FLAME is a handy tool for evaluating anomaly detection systems operating at the flow level. FLAME takes a serial stream of flows in Netflow v5, Netflow v9 or IPFIX format as input, injects anomalies according to a given injection schedule, and outputs the modified trace in the input format. The modified traces can then be fed to an anomaly detection system to test whether it succeeds or fails to detect the injected anomalies. The usage of FLAME for detector evaluation is illustrated in the figure below.

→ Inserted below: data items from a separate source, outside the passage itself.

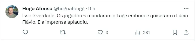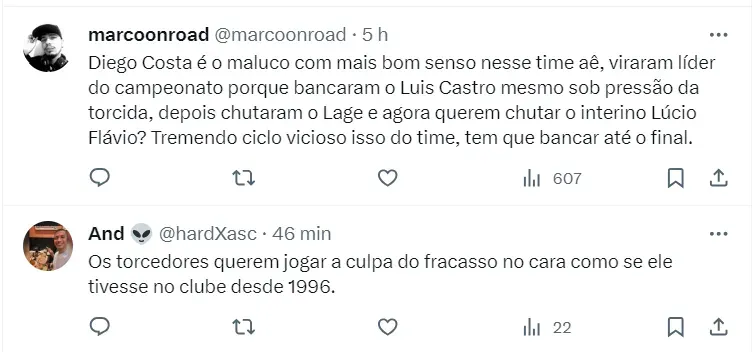 Diante disso, a pressão para a saída do técnico Lúcio Flávio está muito grande nos bastidores. Vale destacar que a escolha do comandante para o cargo foi um pedido do elenco após a saída do técnico Bruno Lage. Assim como, a colocação de Joel Carli como auxiliar técnico da equipe.
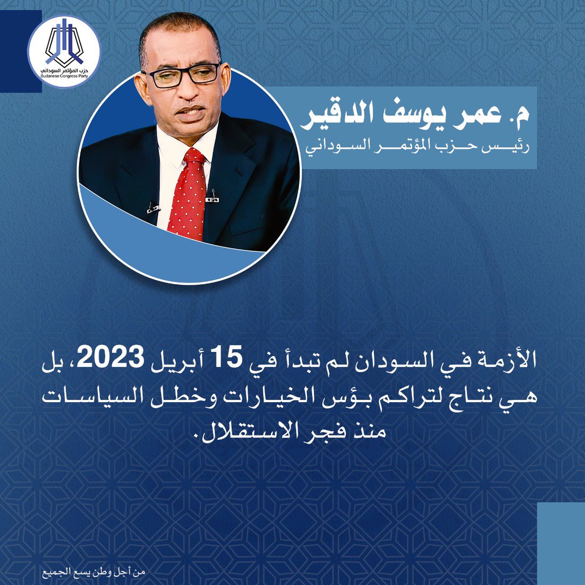 حزب المؤتمر السوداني الأزمة في السودان لم تبدأ في ١٥ أبريل ٢٠٢٣، بل هي نتاج لتراكم بؤس الخيارات وخطل … By null Published September 17, 2025 Share SHARE Facebook Twitter Pinterest LinkedIn[ad_1] الأزمة في السودان لم تبدأ في ١٥ أبريل ٢٠٢٣، بل هي نتاج لتراكم بؤس الخيارات وخطل السياسات منذ فجر الاستقلال. م.عمر الدقير @omereldigair رئيس الحزب 30 مارس 2025م [ad_2] Source by حزب المؤتمر السوداني Facebook Twitter Pinterest LinkedIn Share This Article Facebook Twitter Email Print Previous Article هل الثورة هي سبب الحرب؟ … Next Article تفقدت حكومة اقليم دارفور اليوم ، سجن شالا قسم الرجال والنساء ، لقد قمنا بتصديق ك… Leave a Comment Leave a Reply Cancel replyYour email address will not be published. Required fields are marked *Comment * Name * Email * Website Save my name, email, and website in this browser for the next time I comment. Δ SearchSearchRecent Postsأكرمنا الله صباح اليوم الأحد بلقاء إخوةٍ كرام، على ضفة النيل الأزرق، حيث شاي الش… أعلن بنك السودان المركزي في منشور إدارة السياسات رقم (2025/15) رفع الاحتكار عن ا… ندوة بعنوان: القانون الدولي والسيادة الوطنية قراءة في موقف السودان من لجنة تقصي … والي نهر النيل تستقبل وزير الموارد البشرية والرعاية الاجتماعية الوزير يشيد بالأ… كامل ادريس: رئيس اللجنة السياسية لمؤسسات الدولة السودانية. Recent CommentsNo comments to show.
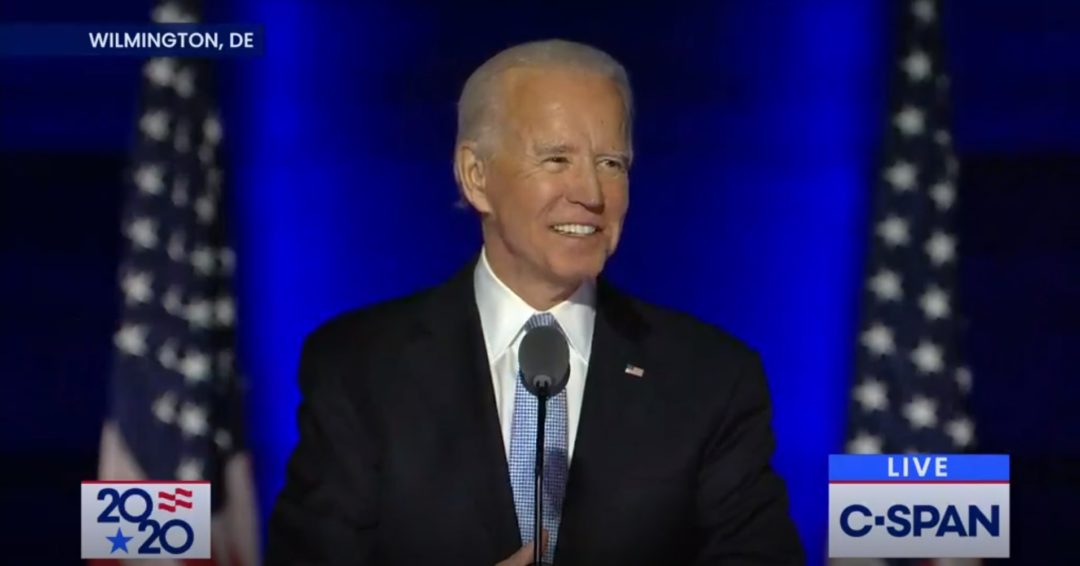 In his victory speech, President-elect Joe Biden urged an end to political acrimony and divisiveness.

The core framework including flow input, output and internal flow handling is written in C++ for performance reasons. FLAME comes with a standard library of several anomaly models for scans, denial of service attacks, and spam. Anomaly models are written in Python to give flexibility to the user. The core framework consists of several modules communicating via named pipes.

Anomaly Models

To keep the involved complexity at a manageable level, we decided to include three groups of flow attributes in our models: i) IP address and port number sequences per flow, ii) flow size (in bytes and packets) and flow duration (in milliseconds), and iii) flow inter-arrival times. We consciously disregard other flow attributes such as the IP type of service (TOS) or SNMP input/output interfaces as they are not as important for anomaly detection purposes. For TCP anomalies we additionally include the TCP flags.

Each flow attribute is represented by a stochastic model that is called a generation function in our terminology. Dependencies or correlation between different flow attributes can be captured in the model by using if then clauses in the Python code. FLAME currently supports three different generation functions: constant, random and periodical. These generation functions are implemented in C++ and can be called from the Python code via embedded scripting. The models included in the standard library have been extracted manually from two weeks of unsampled flow traces that were captured in the SWITCH backbone network.